■ How to complete this task
Exactly as written, write out the lines below from the first to the one containing "Butterrock is a", inclusive. Pictures do not belong in the copy.

■ Recorded information
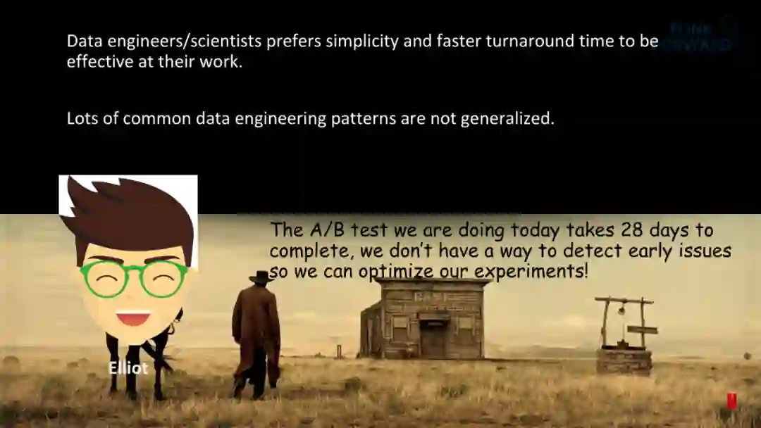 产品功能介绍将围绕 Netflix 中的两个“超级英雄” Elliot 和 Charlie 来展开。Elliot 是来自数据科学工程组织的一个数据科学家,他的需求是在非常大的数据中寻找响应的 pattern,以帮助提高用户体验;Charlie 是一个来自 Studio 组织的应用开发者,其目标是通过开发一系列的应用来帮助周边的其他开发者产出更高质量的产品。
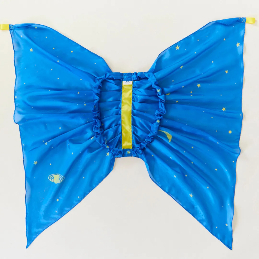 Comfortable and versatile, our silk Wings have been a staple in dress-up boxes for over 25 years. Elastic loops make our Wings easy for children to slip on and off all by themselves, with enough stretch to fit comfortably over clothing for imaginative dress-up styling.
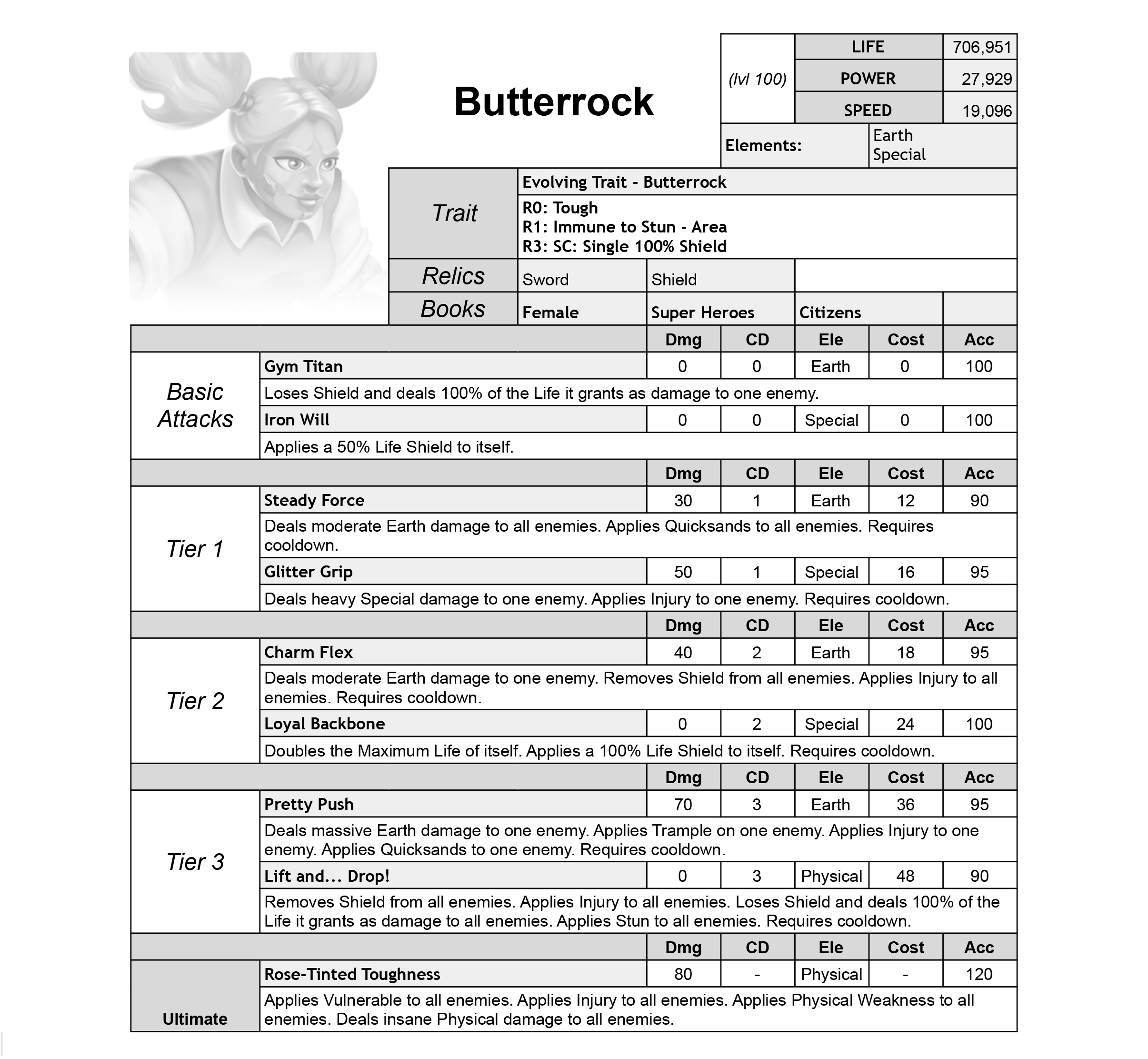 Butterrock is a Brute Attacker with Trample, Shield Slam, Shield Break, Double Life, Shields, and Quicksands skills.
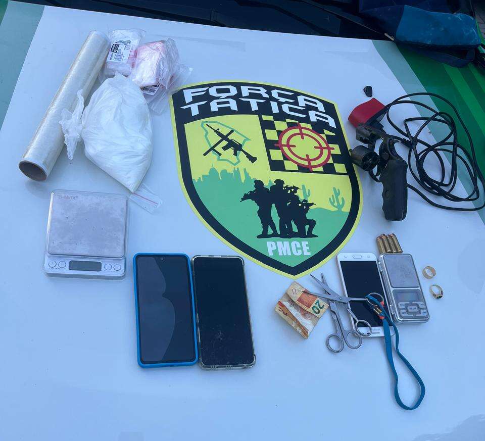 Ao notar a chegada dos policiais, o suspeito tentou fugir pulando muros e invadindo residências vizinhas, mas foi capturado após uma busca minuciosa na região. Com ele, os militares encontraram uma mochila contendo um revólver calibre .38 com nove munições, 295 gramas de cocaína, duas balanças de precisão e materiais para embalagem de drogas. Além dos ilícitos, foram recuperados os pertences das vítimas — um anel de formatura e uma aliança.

■ Response area
 产品功能介绍将围绕 Netflix 中的两个“超级英雄” Elliot 和 Charlie 来展开。Elliot 是来自数据科学工程组织的一个数据科学家,他的需求是在非常大的数据中寻找响应的 pattern,以帮助提高用户体验;Charlie 是一个来自 Studio 组织的应用开发者,其目标是通过开发一系列的应用来帮助周边的其他开发者产出更高质量的产品。
 Comfortable and versatile, our silk Wings have been a staple in dress-up boxes for over 25 years. Elastic loops make our Wings easy for children to slip on and off all by themselves, with enough stretch to fit comfortably over clothing for imaginative dress-up styling.
 Butterrock is a Brute Attacker with Trample, Shield Slam, Shield Break, Double Life, Shields, and Quicksands skills.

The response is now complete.